Sempre que chegava o verão, senhor João, meu pai, armava a piscina de trezentos litros no quintal e cada final de semana, ele convidava amigos diferentes para virem fazer churrasco e permitir que os filhos brincassem entre si. Eu amava esses momentos.

Eu sendo a filha do meio, não tinha muitas opções de brincadeiras com meus irmãos. A Beatrice era quinze anos mais velha que eu, então já estava namorando e não brincava mais comigo. O Juninho, estava completando um aninho e eu não sabia brincar aquelas brincadeiras repetitivas que os bebês gostam. Eu estava com cinco anos e gostava de acreditar em contos de fadas e imitar a vida dos adultos. Então, quando surgiam crianças diferentes aos finais de semana, era o momento mais aguardado da semana.

Meu pai é um homem sério, mas muito amável. Tem facilidade em fazer amizades e gosta de conversar. O que o estraga um pouco é o extremismo religioso, mas o que o estraga muito, é o machismo. É descendente de alemães, conservadores e rudes. Daí a origem do meu sobrenome: Stromps. Atualmente é aposentado da antiga FEPASA, trabalhou a vida toda como mecânico de trens, e esses amigos que ele trazia para casa, eram seus companheiros de trabalho.

Minha mãe, dona Fátima, é cozinheira de mão cheia. Na minha infância, ela trabalhava no orfanato da Santa Casa de Misericórdia de São Paulo. Hoje ela dedica seus dias a ficar em casa com meu pai, ambos só vendo notícias falsas e a cara enfiada no celular. Meu irmão ainda mora com eles, apesar de já ter trinta e dois anos, ainda é tratado como o bebê da casa.

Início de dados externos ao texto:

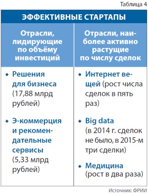 С. Плуготаренко среди прочего отметил, что в 2015 г. инвестиции в ИТ сократились на 43%, а число сделок снизилось на 20%. Наиболее эффективные стартапы представлены в табл. 4.

Diferente da infância, onde nos divertíamos muito, hoje em dia os finais de semana que passo com eles, é regado a muito silêncio e conversas fúteis. Sinto muito a falta de um relacionamento amigável e cheio de amor. Desde que assumi minha homossexualidade, as coisas em casa ficaram bastante difíceis. Meus pais, devido a religiosidade extremista, já me condenaram ao inferno sem ser preciso passar pelo Juízo Final. E com isso, por eu já estar condenada, eles não se permitem me amar incondicionalmente, como em tese, teria que ser o amor dos pais pelos filhos. Enfim! Cada um sabe a dor e a alegria de ser quem é. Eu nasci assim, foram eles mesmos que me fizeram, então, não posso fazer nada.

Mas os finais de semana da infância, eram bem legais. Teve um que foi muito divertido.

Um tal de sr Nardo, como meu pai o chamava, chegou em casa trazendo sua filha que aparentava ser um pouco mais nova que eu, de cavalinho no pescoço. Achei tão maneiro aquilo que na hora pedi para que meu pai fizesse igual, ele não exitou e logo me colocou em seu cangote também. Ambos os pais corriam em volta da piscina, divertindo-se ainda mais do que eu e minha nova coleguinha. Ríamos muito com cada "galopada" que eles inventavam, fazendo aquele gelo na barriga surgir a cada subida e descida do galope.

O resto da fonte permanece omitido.